Lively scenes from pre-Famine Cork

Lively scenes from pre-Famine Cork Young men leaping the bonfire on St John’s Eve
Daniel MacDonald Painting and Pencillings Cork 1843-1844

(Exhibition at the Gorry Gallery; catalogue from Gorry Gallery, 20 Molesworth Street, Dublin 2)

In the Lion’s Den: Daniel MacDonald, Ireland and Empire

by Niamh O’Sullivan (Cork University Press, €20.00)

The exhibition of Daniel MacDonald works recently at the Gorry Gallery in Dublin was the first time that the work of the Cork painter Daniel MacDonald made an impression upon me. He is undoubtedly a great talent, as Niamh O’Sullivan has shown in her book about him and her extensive essay in the exhibition catalogue.

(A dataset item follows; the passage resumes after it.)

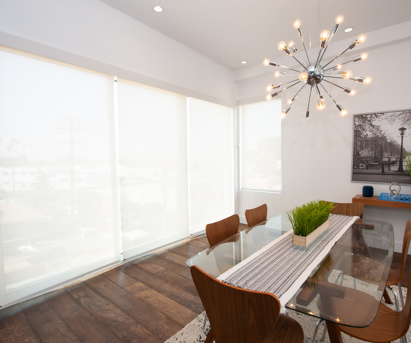 Dining room window treatments should be both functional and stylish. Centerpiece™ Roman shades are a popular choice because they offer a clean, classic look. If you want something with a little more personality, textured fabrics that offer the woven woods appearance in Soluna™ roller shades are a great option. For something more airy & ambient, consider SmartDrape™ in a light color.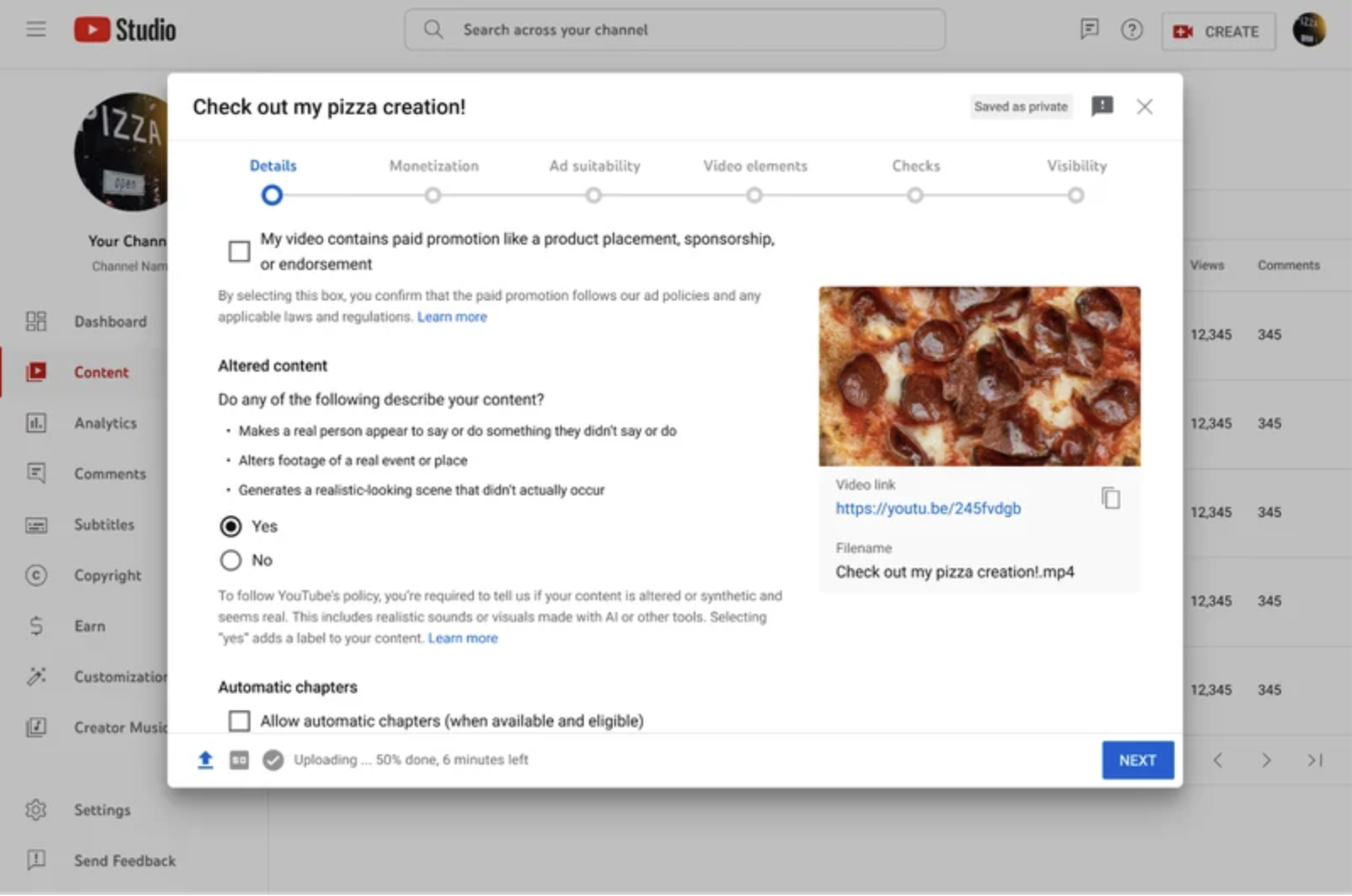 They will also have to disclose content that alters the footage of real events or places, such as making it seem as though a real building caught on fire. Creators will also have to disclose when they have generated realistic scenes of fictional major events, like a tornado moving toward a real town.

There are inevitably echoes of contemporary English artists, Leech, Cruickshank, Phiz, are mentioned. But in the images of Daniel O’Connell I see H.B., the Dublin-born artist John Doyle, the grandfather of Sir Arthur Conan Doyle.

Certainly for me this recent show presented provided a vivid “shock of the new”. These are lively drawings and caricatures of Cork life in the two decades before the famine. This has been evoked by Mary Coakley in Wine and Wit; Literary and Artistic Cork in the Early Nineteenth Century (Glendale Press, 1985). MacDonald belonged then to the golden age in Cork, when it outshone Dublin, laying down its claim perhaps to be “Ireland’s real capital”.

The exhibit covered a wide range of yachting in Cork Harbour (very much a sport for the well-of middle classes to which MacDonald’s family belonged), scenes of society on formal occasions and on less buttoned-up ones too.

But the real interest is the picture of rural life: these are humorous, but in a fond, even loving way. They reveal an active, energetic society, poor but under the leadership of Daniel O’Connell, hopeful of advance and change. These are images of a life before the Great Hunger shook the city, the country and the province to the core.